The command parses SKILL.md deterministically and emits requirement IDs with source spans:

Requirement kind	Example ID	Source
Description	`req-description-001`	`description:` frontmatter
Positive trigger	`req-use-001`	`USE FOR:` phrase
Negative trigger	`req-dont-001`	`DO NOT USE FOR:` phrase
Parameter	`req-param-001`	`parameters`, `inputs`, or `arguments` block

Deterministic matching runs first.

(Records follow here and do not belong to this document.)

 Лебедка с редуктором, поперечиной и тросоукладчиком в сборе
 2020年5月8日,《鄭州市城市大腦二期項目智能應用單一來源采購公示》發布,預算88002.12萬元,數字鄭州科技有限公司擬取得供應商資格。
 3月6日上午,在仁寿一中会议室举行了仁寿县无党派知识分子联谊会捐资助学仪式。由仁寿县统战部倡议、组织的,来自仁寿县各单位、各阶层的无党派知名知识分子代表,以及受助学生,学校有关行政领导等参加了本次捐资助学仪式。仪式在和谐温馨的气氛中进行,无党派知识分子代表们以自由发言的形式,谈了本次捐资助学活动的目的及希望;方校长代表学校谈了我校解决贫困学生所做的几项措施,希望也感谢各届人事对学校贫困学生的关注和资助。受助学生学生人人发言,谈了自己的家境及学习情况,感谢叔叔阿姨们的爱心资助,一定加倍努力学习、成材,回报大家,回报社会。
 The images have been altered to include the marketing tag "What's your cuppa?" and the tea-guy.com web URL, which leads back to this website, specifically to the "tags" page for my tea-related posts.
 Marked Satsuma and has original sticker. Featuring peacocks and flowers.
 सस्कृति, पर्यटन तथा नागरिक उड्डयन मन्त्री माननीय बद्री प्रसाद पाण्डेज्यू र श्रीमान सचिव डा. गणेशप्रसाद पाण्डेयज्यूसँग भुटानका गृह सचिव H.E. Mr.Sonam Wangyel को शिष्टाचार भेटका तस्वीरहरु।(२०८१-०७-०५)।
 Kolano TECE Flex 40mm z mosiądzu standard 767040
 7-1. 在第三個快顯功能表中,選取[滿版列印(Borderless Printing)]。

Semantic matching is opt-in with --semantic and uses the configured judge model (--judge-model, config.judge_model, then config.model).

Worked example

Given this skill description:

---
name: pr-summarizer
description: |
  Summarize PR diffs.
  USE FOR: summarize a PR diff, summarize PR discussion.
  DO NOT USE FOR: code review security PRs.
---

## Parameters
- repository: GitHub repository URL
- pr_number: Pull request number

And an eval with one positive and one negative task:

tasks:
  - tasks/*.yaml

id: pr-summary-basic
name: PR summary basic
inputs:
  prompt: Please summarize this PR diff for repository microsoft/waza.
expected:
  should_trigger: true

id: security-review-negative
name: Security review negative trigger
inputs:
  prompt: Please do code review security PRs.
expected:
  should_trigger: false

Run:

waza spec verify skills/pr-summarizer evals/pr-summarizer/eval.yaml

Example output:

Spec Verification
Coverage: 4/5 requirements covered (1 uncovered)

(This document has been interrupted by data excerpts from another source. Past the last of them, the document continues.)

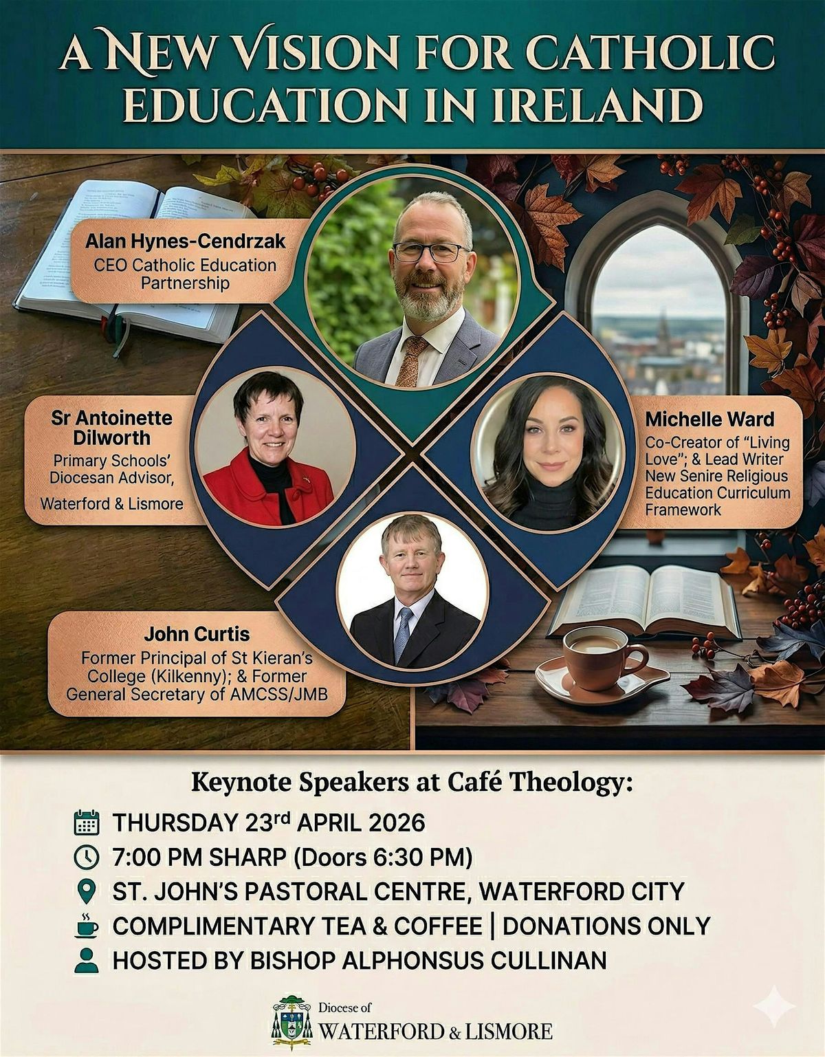 The Diocese of Waterford & Lismore warmly invites you to an important evening exploring the future of Catholic education and how we can work together to foster a strong Catholic ethos in building communities of faith, inclusion, and excellence.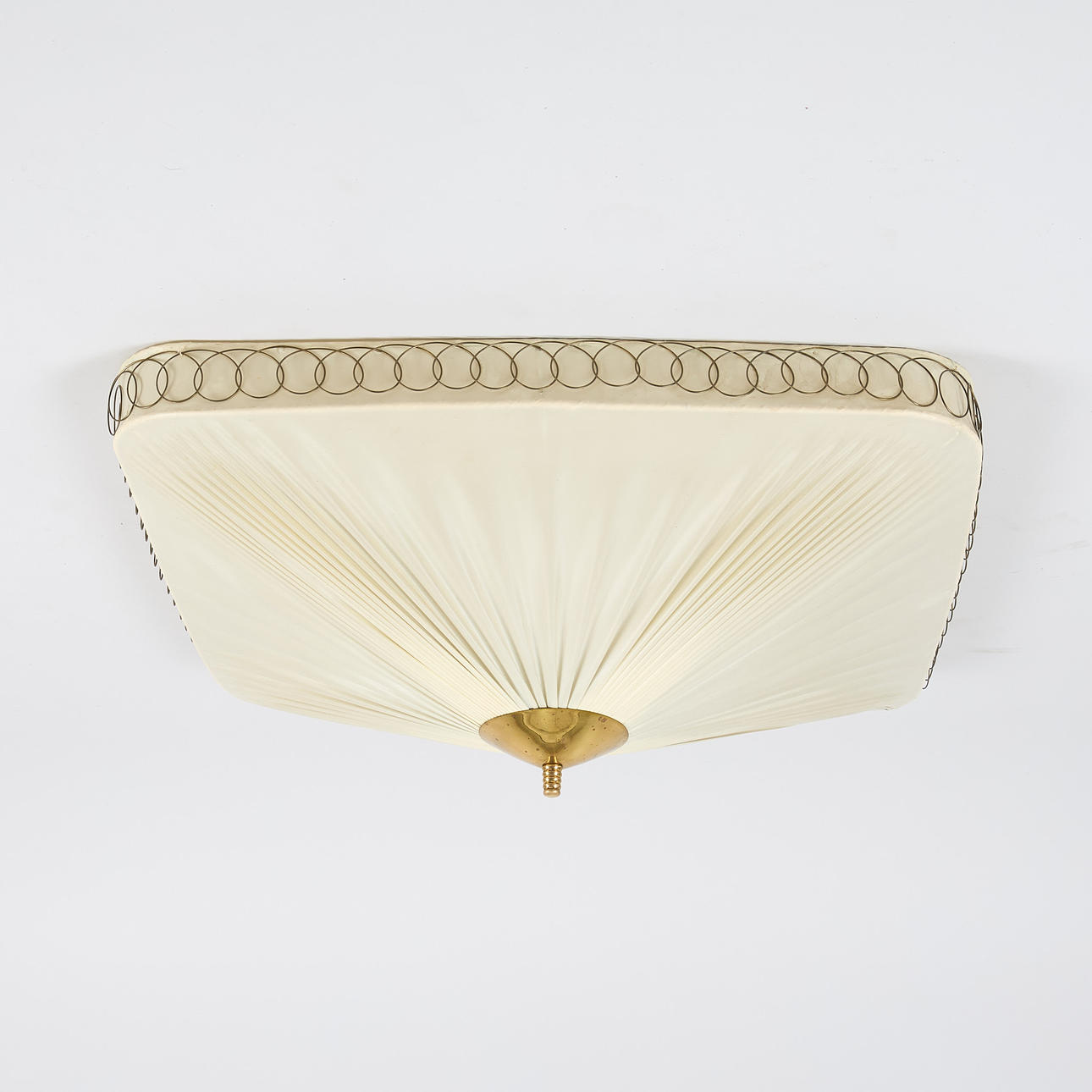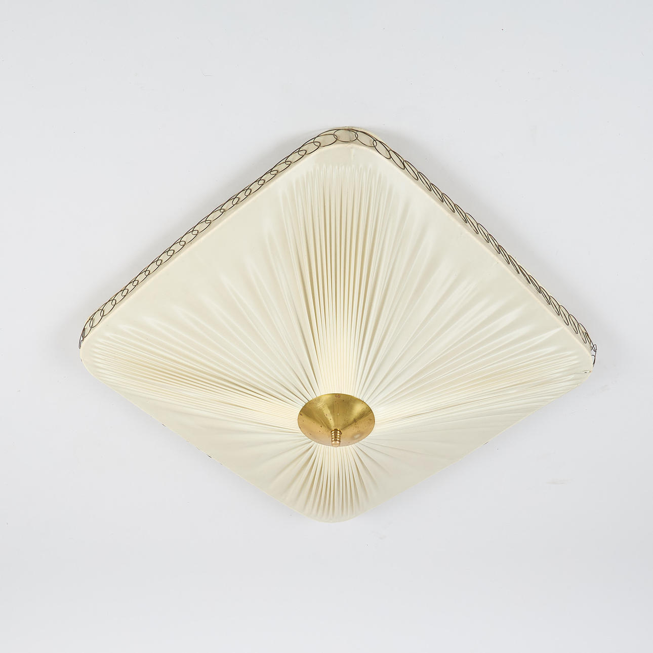 Skærm lavet af plisseret plast, messingdekorationer, 3 lyspunkter. 62 x62 cm, højde ca. 25 cm.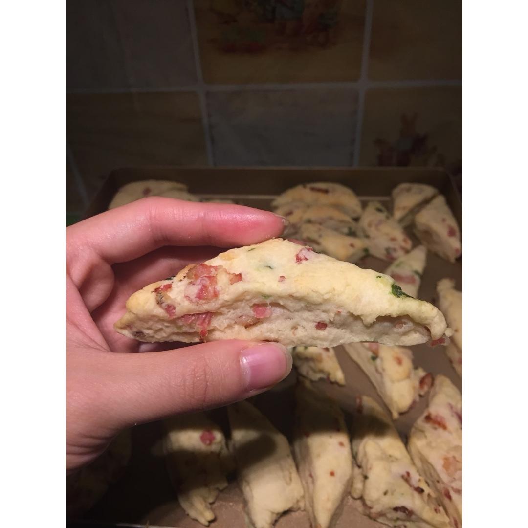 淡奶油培根香葱司康!完全是为了消耗一瓶开了挺久的淡奶油。。。没有称量,就是面粉和奶油混合到基本没干粉。我忘记加泡打粉了,...
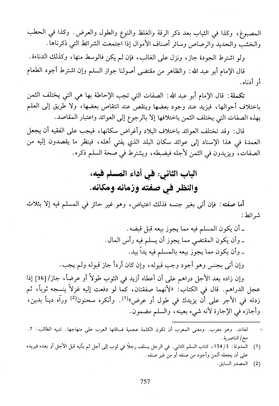 تكملة: قال الإمام أبو عبد الله: الصفات التي تجب الإحاطة بها هي التي يختلف الثمن باختلاف أحوالها، فيزيد عند وجود بعضها وينقص عند انتقاص بعضها، ولا طريق إلى العلم بهذه الصفات التي يختلف الثمن باختلافها وإلا بالرجوع إلى العوائد واعتبار المقاصد.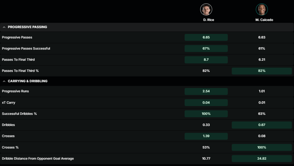 With Arsenal facing Chelsea at Standford Bridge this coming Sunday it is only right to look into the midfield battle of Declan Rice and Moisés Caicedo, as they are two of the Premier League’s finest. They bring very different strengths to their teams. Rice gives Arsenal power, control, and calmness on the ball, while Caicedo offers Chelsea energy, speed, and aggressive ball-winning. Comparing them shows how each player fits their team’s style and what they each bring to the role. In this piece I will look into the stats behind their starts to the 25/26 season.

OK req-use-001  "summarize a PR diff"  -> covered by tasks: [pr-summary-basic]
OK req-dont-001  "code review security PRs"  -> covered by tasks: [security-review-negative]
MISS req-use-002  "summarize PR discussion"  -> no task exercises this

Add a task for req-use-002, or use --semantic if the task covers the requirement without sharing obvious keywords.

CI snippet

Use --format github-actions to emit annotations on uncovered requirements. Add --fail to make uncovered requirements gate the workflow.

name: Verify Skill Spec Coverage

on:
  pull_request:
    paths:
      - 'skills/**'
      - 'evals/**'

jobs:
  spec-verify:
    runs-on: ubuntu-latest
    steps:
      - uses: actions/checkout@v4
      - name: Install waza
        run: |
          curl -fsSL https://raw.githubusercontent.com/microsoft/waza/main/install.sh | bash
          echo "$HOME/bin" >> "$GITHUB_PATH"
      - name: Verify SKILL.md coverage
        run: |
          waza spec verify skills/pr-summarizer evals/pr-summarizer/eval.yaml \
            --fail \
            --threshold 1 \
            --format github-actions